Disney Rises as Cost Cuts, Hollywood Strikes Save $3 Billion

Walt Disney Co. rose more than 6% in extended trading after management of the world’s largest entertainment company said capital spending and outlays for movies and TV shows are coming in lower than projected.

(Bloomberg) — Walt Disney Co. rose more than 6% in extended trading after management of the world’s largest entertainment company said capital spending and outlays for movies and TV shows are coming in lower than projected.

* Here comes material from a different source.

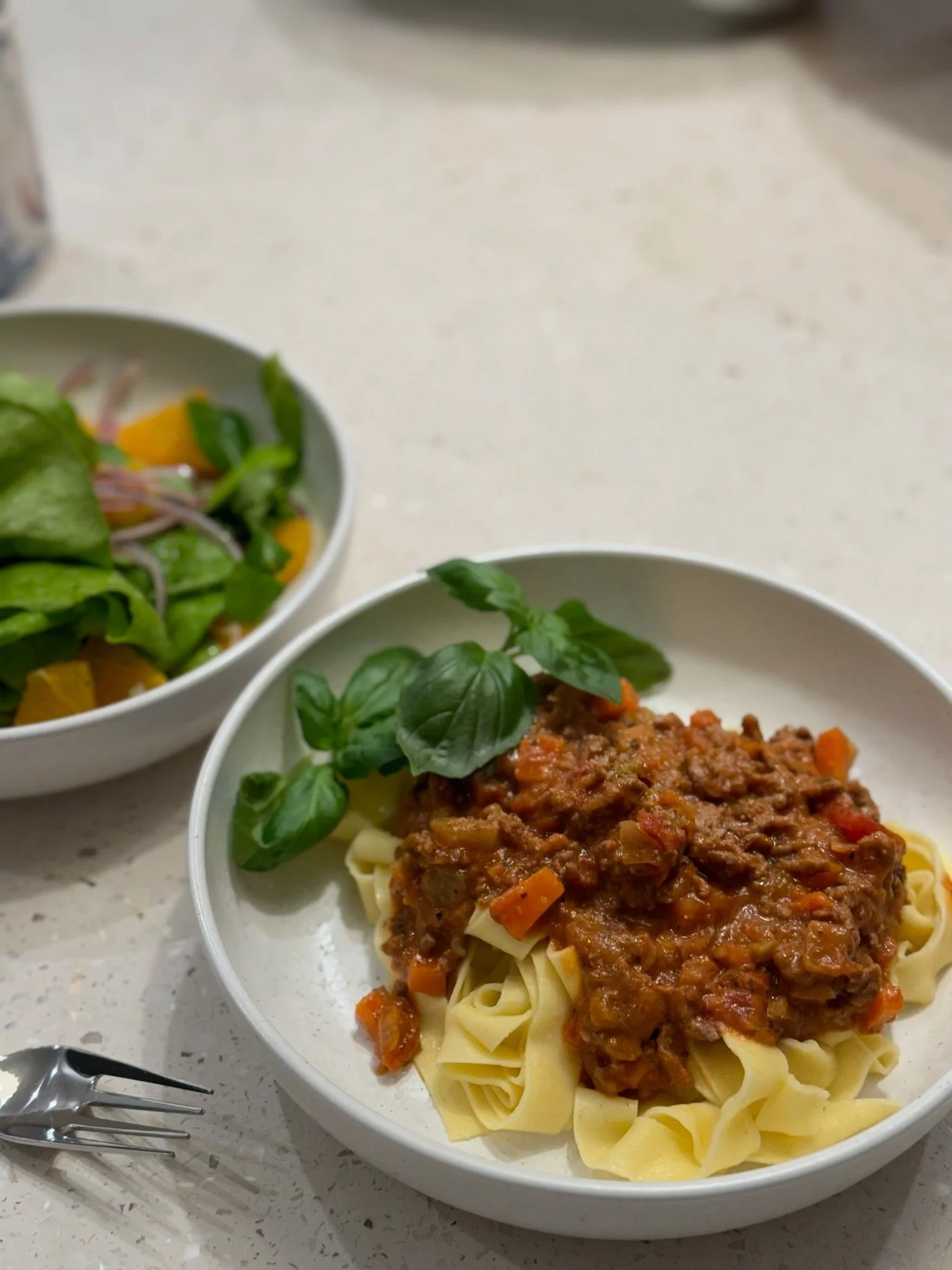 A pound of 80/20 ground beef is 1148 calories. A pound of 96/4 ground beef is 520 calories. That’s more than HALF the calories! Which you know because you can do math. That is an enormous discrepancy. And it’s also why eating out is so profoundly difficult when you’re trying to stay in a calorie deficit—something you need to just bake into the day when you are. Because we promise you that no restaurant is using 96/4. But the truth is, when you use it at home for bolognese, or tacos, or even for burgers (we doctor ours with one egg and some yellow mustard which is a creamy revelation, try it) you just won’t notice a single difference. And beef is very, very filling.

Disney expects content spending this year to total about $27 billion, Kevin Lansberry, acting chief financial officer, said Wednesday on a call with investors after the Burbank, California-based company posted third-quarter results. Disney typically spends about $30 billion.

The savings are partly as a result of production cuts tied to writer and actor strikes in Hollywood, he said. Disney also forecasts capital spending of $5 billion, lower than projected previously, as the company shifts the timing of some projects. He reiterated Disney’s ambition to pay a modest dividend this year. 

The comments lifted shares of Disney to as high as $92.80 in extended trading, reversing an earlier decline. 

Earlier Wednesday, Disney reported fiscal third-quarter profit of $1.03 a share, beating the 99-cent average of estimates compiled by Bloomberg. Sales grew 3.8% to $22.3 billion in the quarter ended July 1, missing analysts’ projections slightly.

During the period, Disney’s online video operation cut its loss to $512 million from more than $1 billion a year ago. Just three months ago, management predicted the direct-to-consumer business would lose more than $750 million in the quarter. Chief Executive Officer Bob Iger also told investors that the company will crack down on password sharing, echoing the recent effort from rival Netflix Inc. that has boosted subscriber numbers. 

But subscribers to the Disney+ streaming service tumbled 7.4% to 146.1 million from the previous three months, missing the 154.8 million consensus analysts had expected. Nearly all of that shortfall was borne by the company’s Disney+ Hotstar in Asia. It lost almost 25% of its customers after Disney failed to renew streaming rights for popular cricket games in the Indian Premier League.  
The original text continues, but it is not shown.